April fees foolery from the EPO
The IPKat has just been reminded by patent attorney Donald McNab about a previous post from November 2008, which some readers may have forgotten about. Back then, the IPKat pointed out a decision by the Administrative Council (CA/D 4/08), which introduced a few esoteric changes to the EPC Rules, including a change to the way the EPO takes its fees for applications in the way of page charges. The EPO have recently issued a slightly more helpful notice outlining what the changes, due to come into force on 1 April 2009, actually mean in practice.
(right: the IPKat's French cousin gets confused about 1 April)
As from 1 April, all applications filed at the EPO (including requests for PCT applications to enter the European regional phase) will be subject to further massively increased claims fees and to page charges that were previously payable only on approving the text of an application for grant. Fortunately the page charge of 12 Euros per page over 35 has not been increased (as the IPKat incorrectly predicted), though this probably has more to do with the general freeze on fee increases at the EPO due to the current economic climate than with any lack of desire to go for a hike. Also, the massive claims fees of 500 Euros per claim only apply for the 51st and subsequent claims, so are unlikely to affect too many applicants. For those applications where it does matter, there are some obvious and fairly easy tricks to avoid payment, which all patent attorneys should by now be aware of.

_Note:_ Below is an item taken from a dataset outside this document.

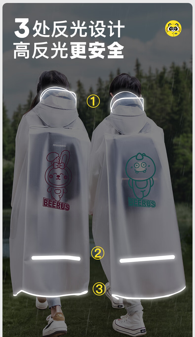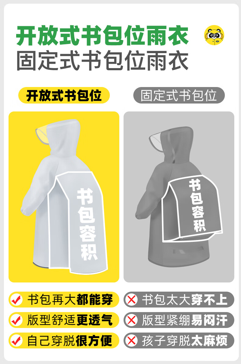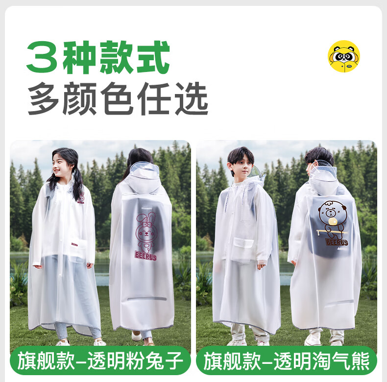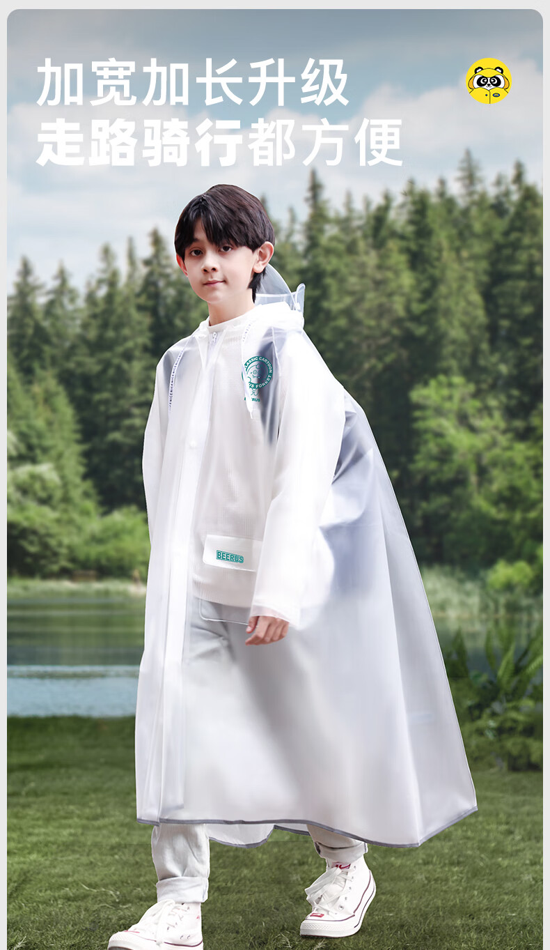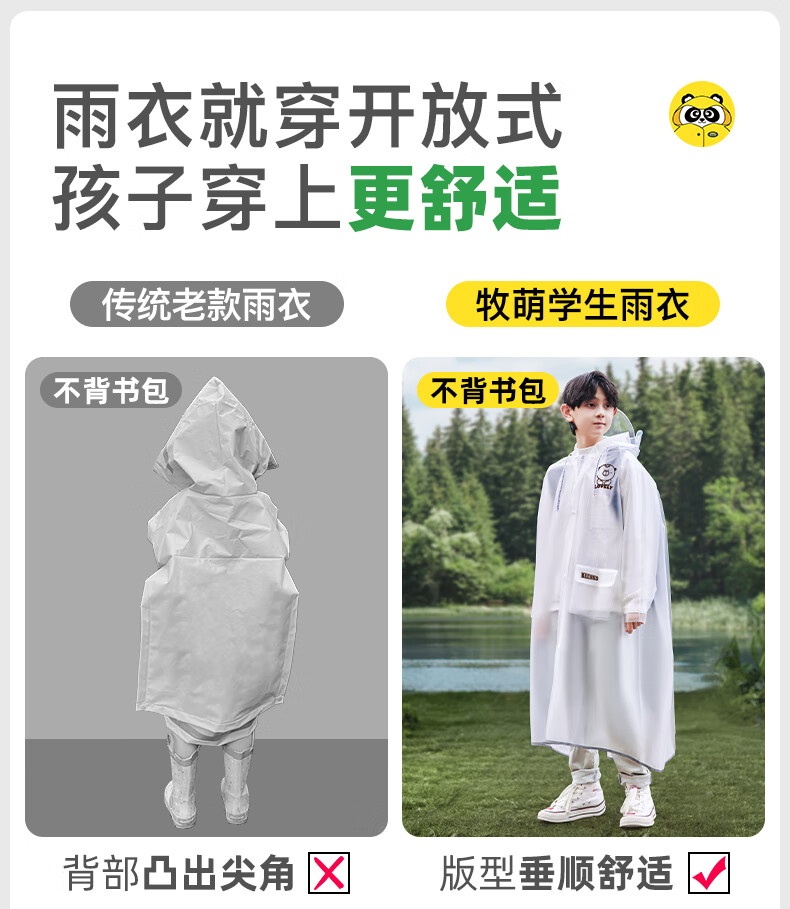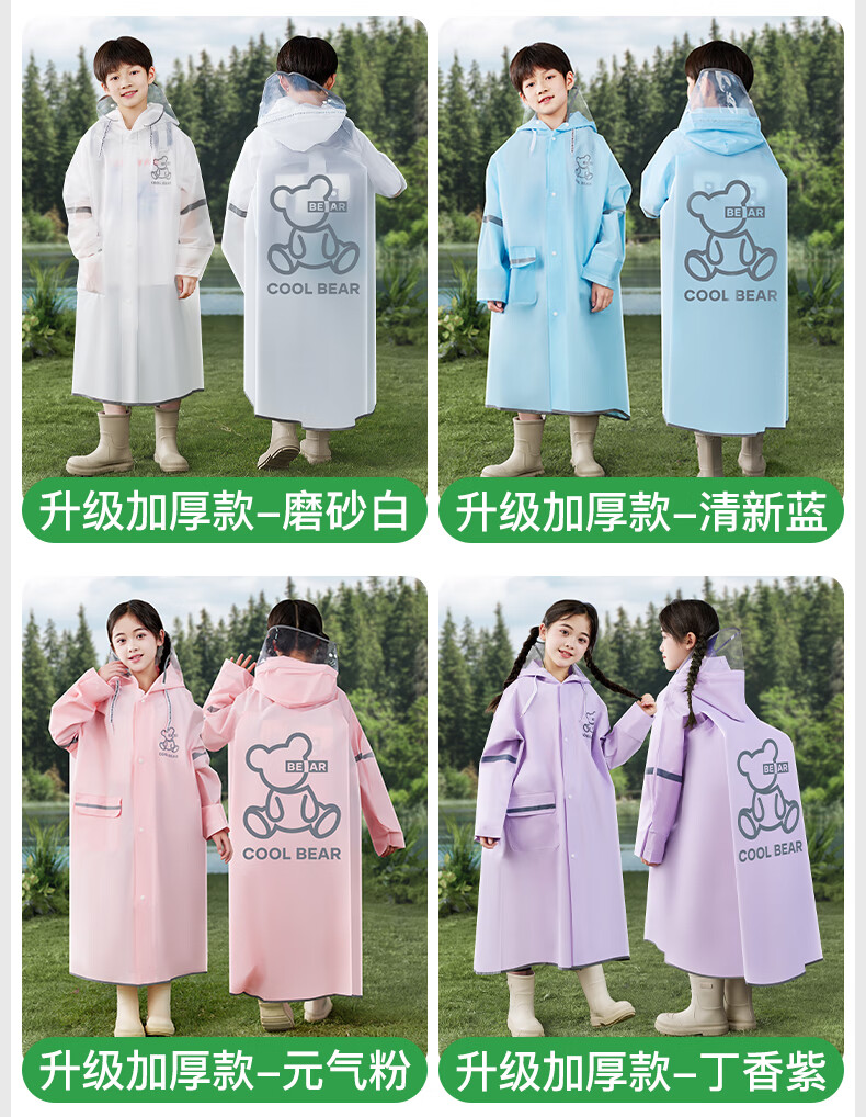 牧萌(moremerry)儿童雨衣男女童学生上学带书包位雨披 粉兔子 4XL

As the notice makes clear, if the new excess claims fees and page charges are to be avoided, all the legal requirements to make a valid European application have to be completed before 1 April, including paying all fees due and, where necessary, making an explicit request for a PCT application to enter the European phase early. Just to make it a bit more interesting, the current system of paying up to seven designation fees is being scrapped as from 1 April, in favour of a single designation fee of 500 Euros for all applications. Fortunately, the new single fee is less than seven times the old fee. The IPKat suspects that the EPO will be having to make quite a few refunds over the next few months as a result.
This all appears to the IPKat like the EPO is playing the game so that very few patent attorneys will be wanting to try to get applications in under the wire to save on a few fees for their client, as the added hassle is probably not going to be worth it. Perhaps some lessons have been learned from the claims fee fiasco last year. Who knows, the EPO may actually get some more money as a result this time.